8.2 Compressing multiple files: tar

The gzip command that we learned in the previous section is only able to zip individual files. If you want to zip more than one file, you first have to put them in a so-called archive. The word archive is referring to the process of combining multiple files (and also directories if you want) into one single file. To archive files, you can use the command tar -cf. The option -f is to write the output to a file and not STDOUT (i.e. standard output), -c stands for create and -z zips all files before putting them into the archive. So as you can see, you don’t necessarily have to zip the files when you add them to an archive, but you have the option to do so if you want.

$ tar -cf all.tar BanthracisProteome.txt BanthracisProteome.txt.gz test.txt.gz
$ ls -sh all.tar BanthracisProteome.txt BanthracisProteome.txt.gz test.txt.gz
 27M all.tar
 24M BanthracisProteome.txt
3.2M BanthracisProteome.txt.gz
4.0K test.txt.gz
$ rm all.tar
$ tar -czf all.tar BanthracisProteome.txt BanthracisProteome.txt.gz test.txt.gz
$ ls -sh all.tar BanthracisProteome.txt BanthracisProteome.txt.gz test.txt.gz
6.4M all.tar
 24M BanthracisProteome.txt
3.2M BanthracisProteome.txt.gz
4.0K test.txt.gz

Again, you can see that the size of the archive is greatly reduced if you decide to add the -z flag that zips all the files that go into it.

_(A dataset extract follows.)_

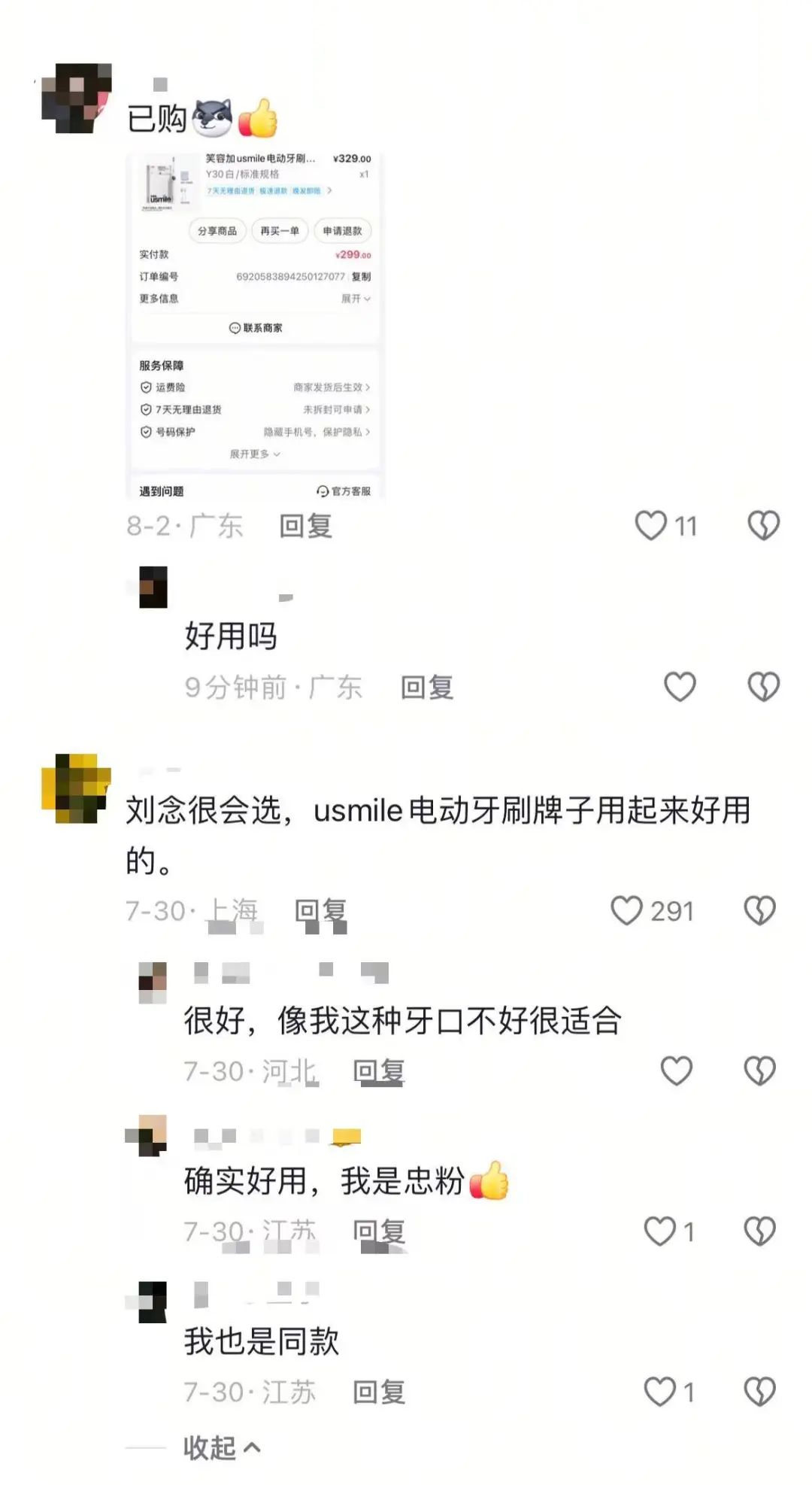 部分CP粉也自带购买力,愿意消费支持演员,西欧昨天就因为刘念推广了USMILE的电动牙刷而下单支持。

Now you know how to create an archive, but what if you already have an archive and you want to extract the files in it? You can do this using the tar -xf command. The -x stands for extract and for the command to work, you also need to add the -f, otherwise no file will be written:

$ mkdir -p out
$ cd out
$ tar -xf ../all.tar
$ ls
BanthracisProteome.txt
BanthracisProteome.txt.gz
test.txt.gz

Remove the folder again:

$ rm -r out